1 ...6 7 8 10 11 12 ...30 Мир нес в церковь жар неоконченных и нерешенных споров. Ревнителей православной веры и возрождения России в эмиграции было много, но еще больше – политиков и политиканов. Надо сказать и то, что среди сербских владык были такие, которые считали, что русским незачем иметь в православной Сербии свою церковную организацию.
Здесь надо добавить, что интеллигенция, повернувшаяся к Церкви, но не имевшая церковной подготовки, «засоряла» приходскую жизнь своими дрязгами.
Сама Русская Церковь в Югославии нередко сталкивалась с привычками, которые, казалось бы, отнюдь не могли быть названы благочестивыми. Так, в 1932 г. было выпущено «Воззвание русской православной церковной общины в Белграде к русским людям, в рассеянии сущим», в котором указывалось на установившийся обычай устраивать «танцевальные вечера накануне воскресных и праздничных дней и даже во дни Великого поста». Ни с церковно-моральной, ни с русско-национальной позиции такие действия, подчеркивалось в «Воззвании», «…не могут быть оправданы никакими „гуманными целями “» 36.
В эмигрантской прессе звучали призывы к подвигу, к очищению: «Проходит время кликушески-истерических завываний, серьезная пора требует серьезной настроенности, собранности, трезвенности, подготовки подвига, цельности духа. Вновь открываются перед взором, затуманенным было чадом интеллигентщины, незыблемые святыни Православия, проходит время выкриков и неистовых дионисически-интеллигенческих верчений, рассеивается болотный дух, болотный смрад эстетизированного интеллигентского хлыстовства… Мы поняли, что без религиозного основания, без основания Церкви нельзя строить и нельзя возродить народной жизни… Она выше всего, дороже всего, выше, конечно, и родного народа, она по ту сторону политики, выше страстей, выше житейской борьбы» 37, – так писал Николай Арсеньев в «Благовесте» за 1925 г.

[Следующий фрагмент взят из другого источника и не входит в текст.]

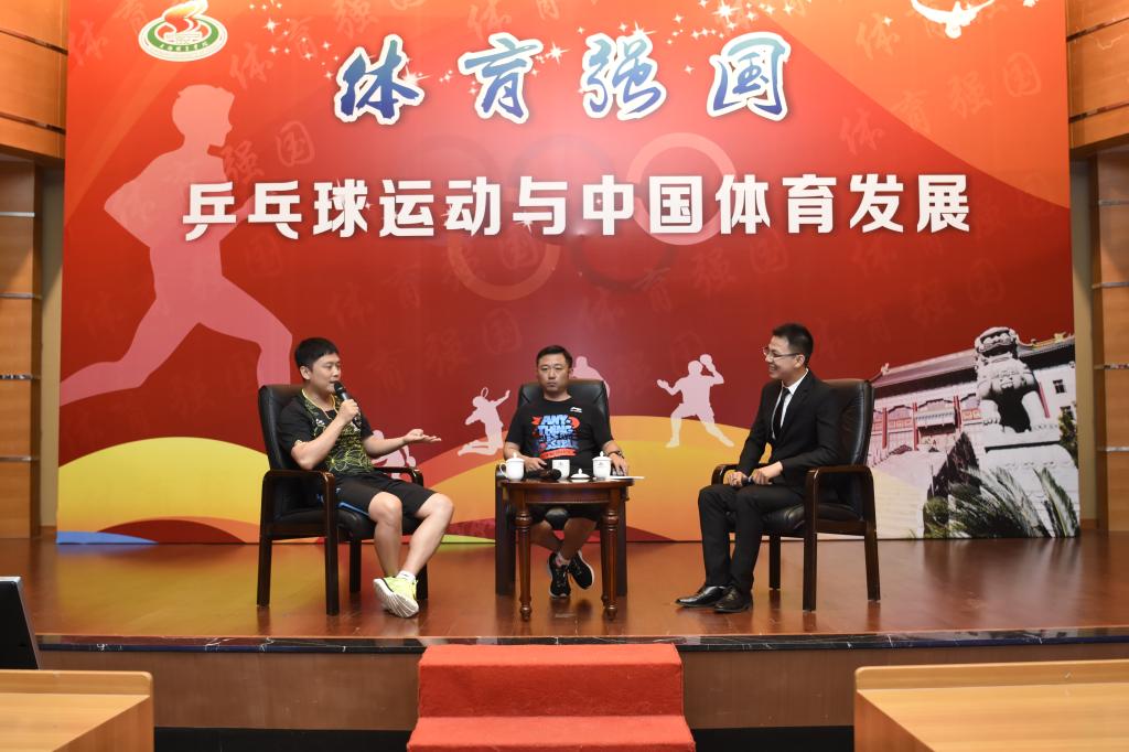 访谈中,刘志强围绕“冠军是怎样炼成的”,介绍了乒乓球人才选拔的标准、国家队队员的生活管理与思想建设、中国乒乓球何以长期“称霸”世界的秘密等大家关心的内容。访谈中,他强调中国乒乓球能够领先世界既需要有完善的选拔体系来进行层层的人才选拔,需要完整的团队保障机制如教练员团队、医疗团队、科研团队的辛苦付出,需要严格的国家队日常生活管理以及及时地给予队员的思想建设来增强国家荣誉感、集体荣誉感、使命感,更需要的是全体乒乓人的坚持不懈的努力与创新,创新是中国乒乓球长期保持世界领先的秘诀。最后,刘志强指导也寄语在座的大学生“人生能有几回搏,此时不搏何时搏?大家一起拼搏,来为祖国的繁荣贡献力量”。

Несмотря на жажду «подвига», чисто церковная жизнь была расслабленной: интеллигенция с гораздо большим рвением предавалась политическим страстям и умозрительным рассуждениям, нежели религиозной жизни.
В сущности, вся церковно-общественная жизнь русской эмиграции в Югославии в предвоенный период может быть охарактеризована преобладанием в ней политического начала над духовным.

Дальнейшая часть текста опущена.